> _Exercise requirements_:
Please output the lines from the one with "げそさんは男尊女卑っぽいツイ" through the end of the data exactly as written, omitting all pictures.
--- START ---
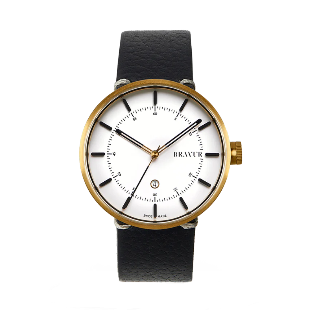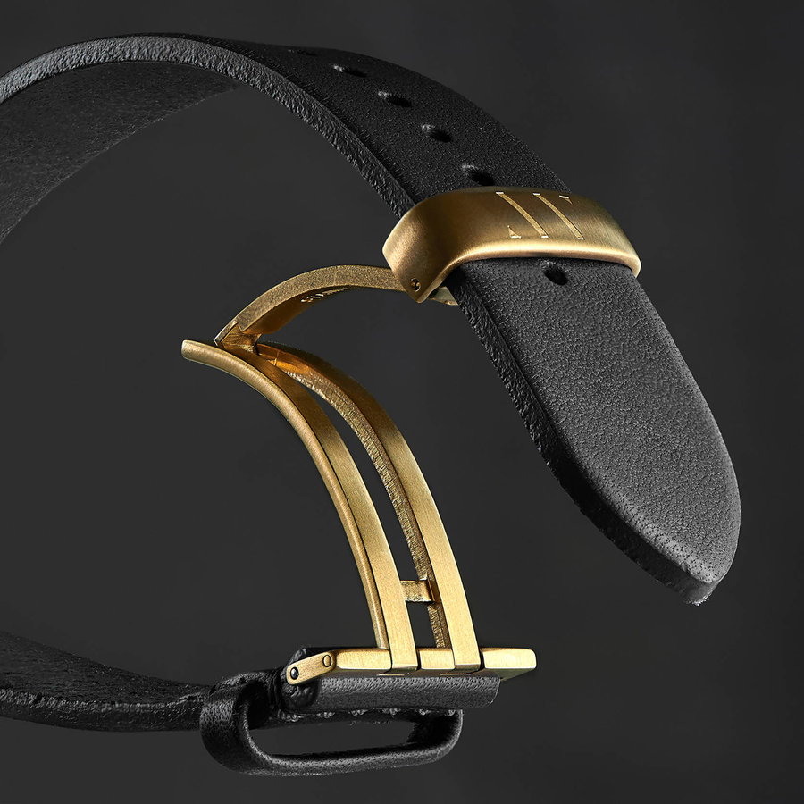 The BW002G in gold plated is a distinct expression of a luxurious timepiece with well balanced details. The design takes it starting point in a cylindrical shape, with a lugless case and a thin bezel surrounding the domed sapphire crystal. Every index is meticulously placed on the dial by hand. Applied hour indices with corresponding shape of the hands give the watch a pared-down elegance.
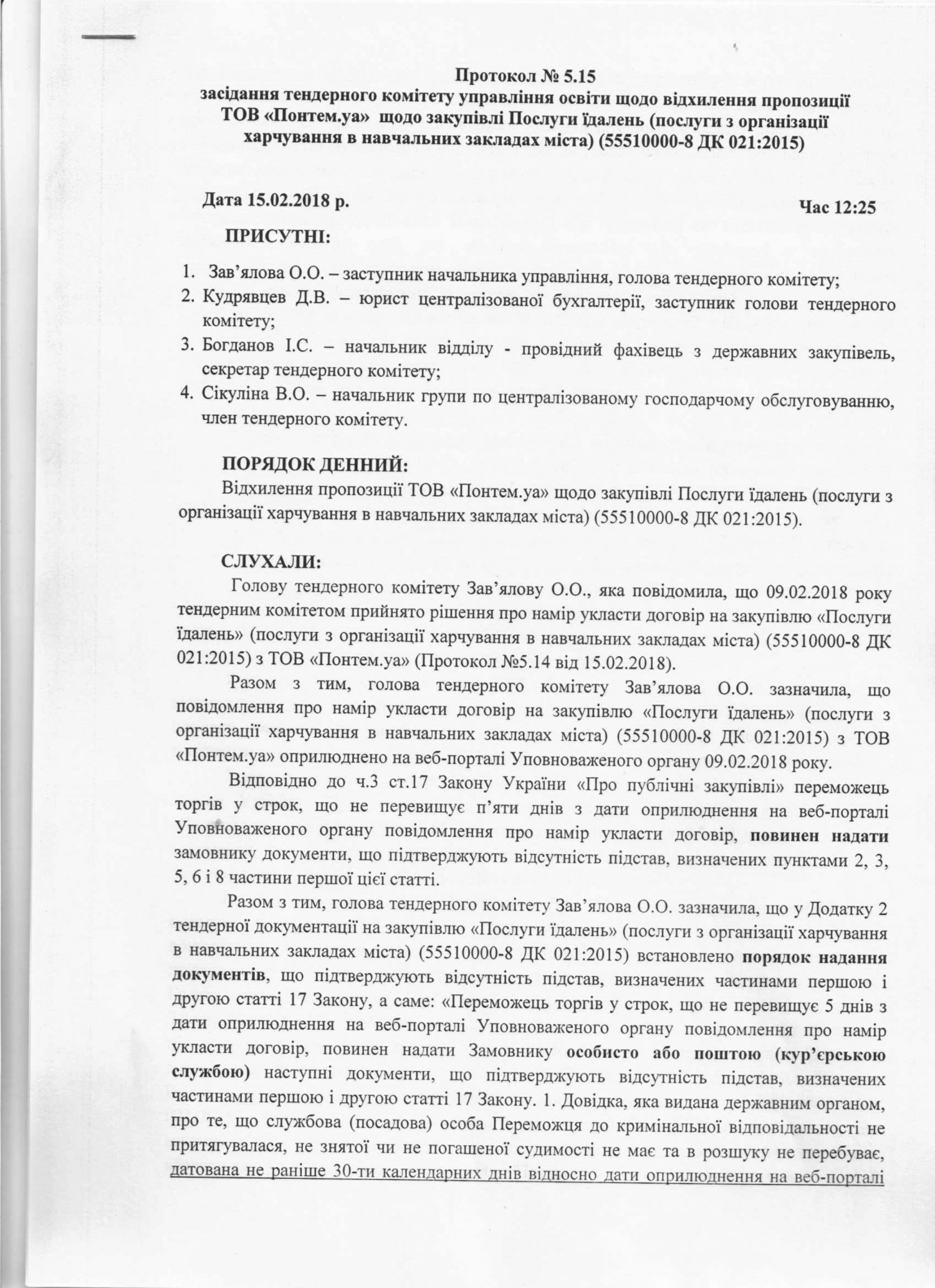 Однако, как следует из протокола №5.15 заседания тендерного комитета управления образования Николаевского городского совета, компания «Понтем.уа» не предоставила гороно необходимые документы, в результате чего тендерный комитет 15 февраля отклонил предложение фирмы.
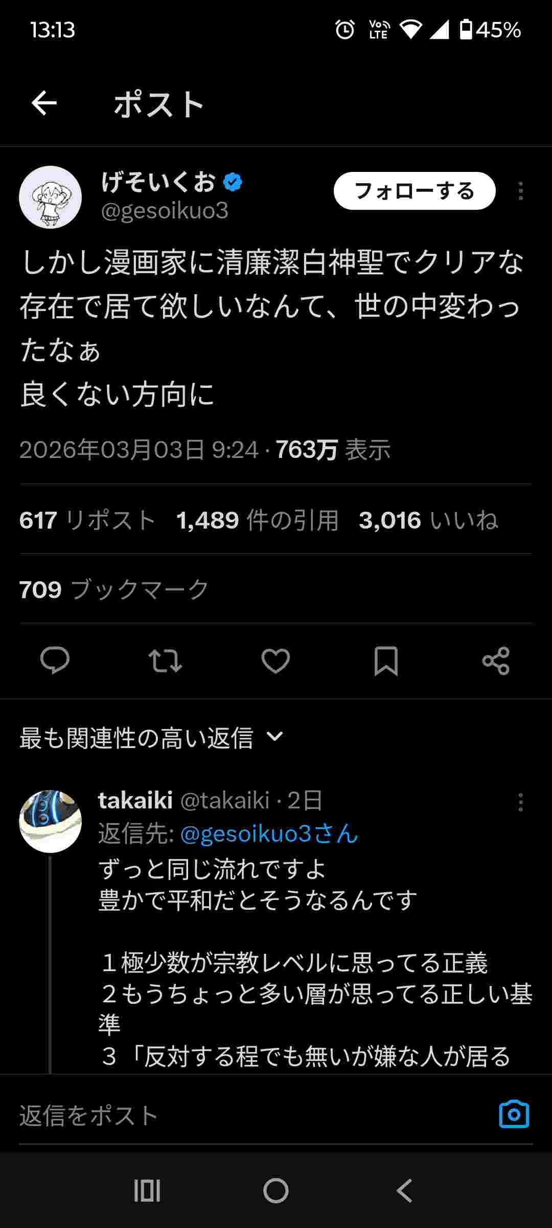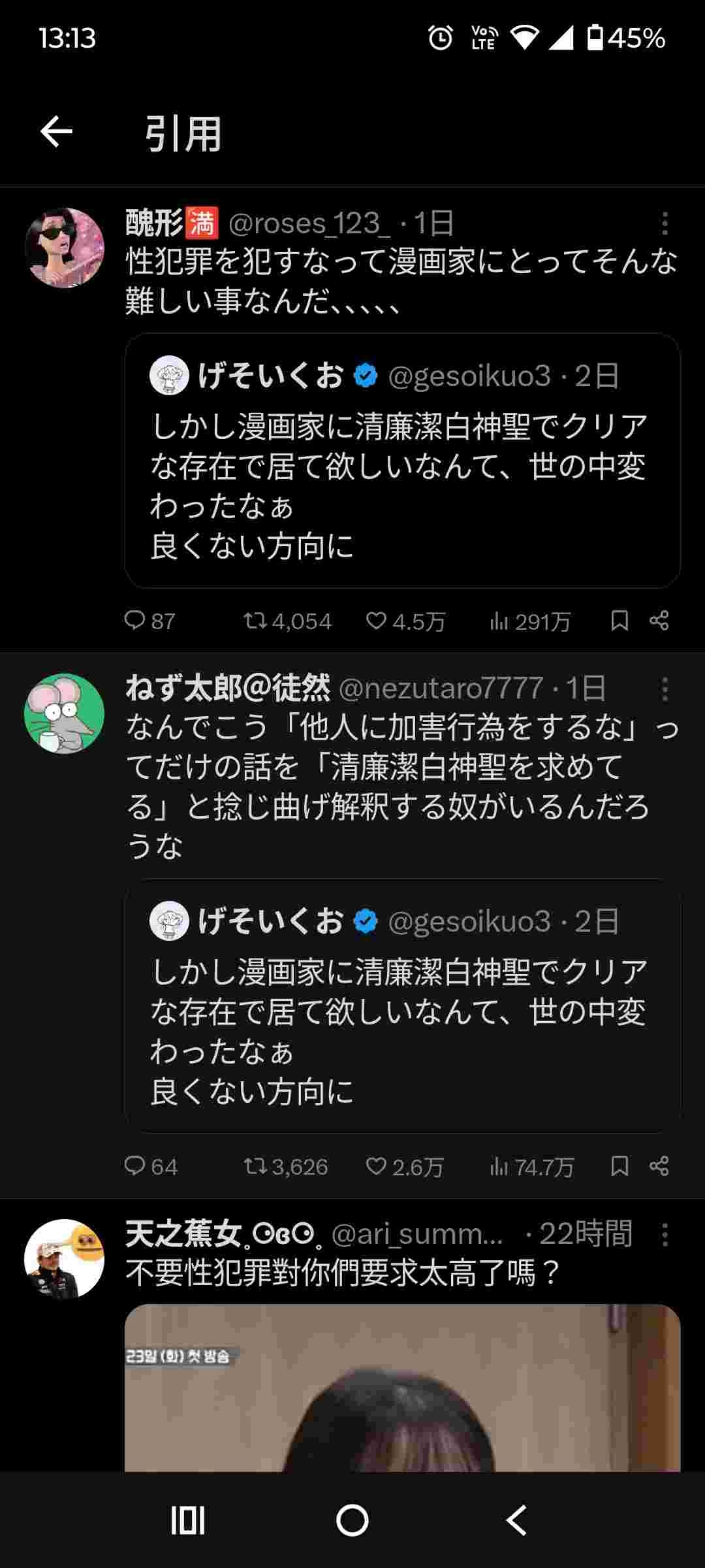 げそさんは男尊女卑っぽいツイートはよくしてたような気がするけど記憶違いならすまん
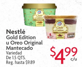 Nestle Gold Edition u Oreo Original Mantecado Variedad De 1.5 QTS
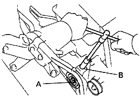 Install the drive belt with the idler pulley nut and adjusting bolt B.
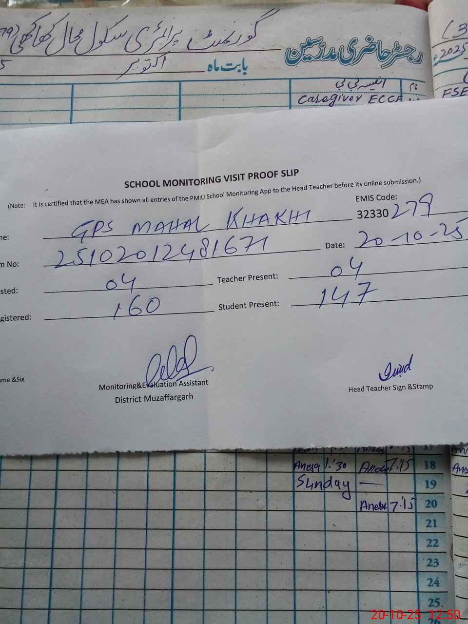 | Attendance Register | Head Teacher | MEA with School | Visit Proof |
--- END ---
> _Final answer_:
 げそさんは男尊女卑っぽいツイートはよくしてたような気がするけど記憶違いならすまん
 Nestle Gold Edition u Oreo Original Mantecado Variedad De 1.5 QTS
 Install the drive belt with the idler pulley nut and adjusting bolt B.
 | Attendance Register | Head Teacher | MEA with School | Visit Proof |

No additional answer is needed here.